PRECIOUS-Dollar uptick stalls gold's Fed-inspired rally

* Silver heads for first weekly gain in four

* Platinum down more than 1%

* Gold up 1.3% so far this week (Recasts, updates prices and adds comments)

By Nakul Iyer

July 30 (Reuters) - Gold prices edged off a two-week high on Friday, with a firmer dollar stalling the precious metal's rally after U.S. Federal Reserve Chair Jerome Powell reassured investors the central bank would remain accommodative for the time being.

Spot gold fell 0.2% to $1,824.43 per ounce by 10:05 am EDT. U.S. gold futures eased 0.4% to $1,829.30.

But gold was still en route to a weekly gain, having hit a two-week peak on Thursday after Powell said the U.S. job market still had some ground to cover before the Fed would pull back support.

"Gold looks strong at these levels and the fact that we're so far above $1,800 and the Fed didn't really say anything that is going to change course on asset purchases or any type of rate hike adds strength to the market," said Bob Haberkorn, senior market strategist at RJO Futures.

Haberkorn, however, said data showing a rise in core inflation at a slightly slower-than-expected pace last month, coupled with a stronger dollar, was currently weighing on the precious metal.

Gold is traditionally seen as a hedge against inflation.

The dollar index, which had slipped to a one-month low earlier, was up 0.1%, reducing gold's appeal for other currency holders.

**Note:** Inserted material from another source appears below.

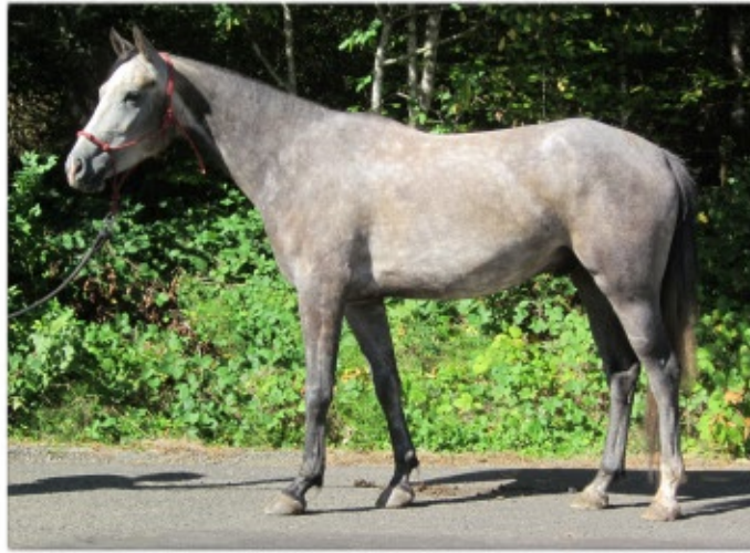
Serrano #P-Sh-11-269 (Bonus PFF x Jewel Triple Seven, Appaloosa by Brujo's Blackjack) Four year old Part-Shagya gelding Breeder: Paradise Flat Farm, Owner: Robin Fegner Height: 15.1 h, 155 cm., Girth: 67 3/4 in, 172cm., Cannon: 19.25 Scores: 7,8,8,7,7,7,7,7, Average 7.25. Evaluation An attractive Part-Shagya/Appaloosa gelding with a willing and calm attitude. Handsome head showing strong Arabian influence set on a refined neck with an undeveloped topline. Excellent saddle area. His croup is too pointed and high at the moment. Broad deep pelvis. clean dry legs. Good walk and trot, not always correct behind. Well-balanced canter for his age

"The bar remains razor thin for a pullback in gold, as the precious metal's relatively weak price action, despite real yields hitting new all-time lows, continues to signal there is a lack of impetus from speculators to buy the yellow metal," TD Securities wrote in a note.

Gold competes with government bond yields as a safe-haven asset during uncertain times and lower yields decrease the opportunity cost of holding gold, which pays no interest.

Elsewhere, silver was steady at $25.52 per ounce and was on track for its first weekly gain in four.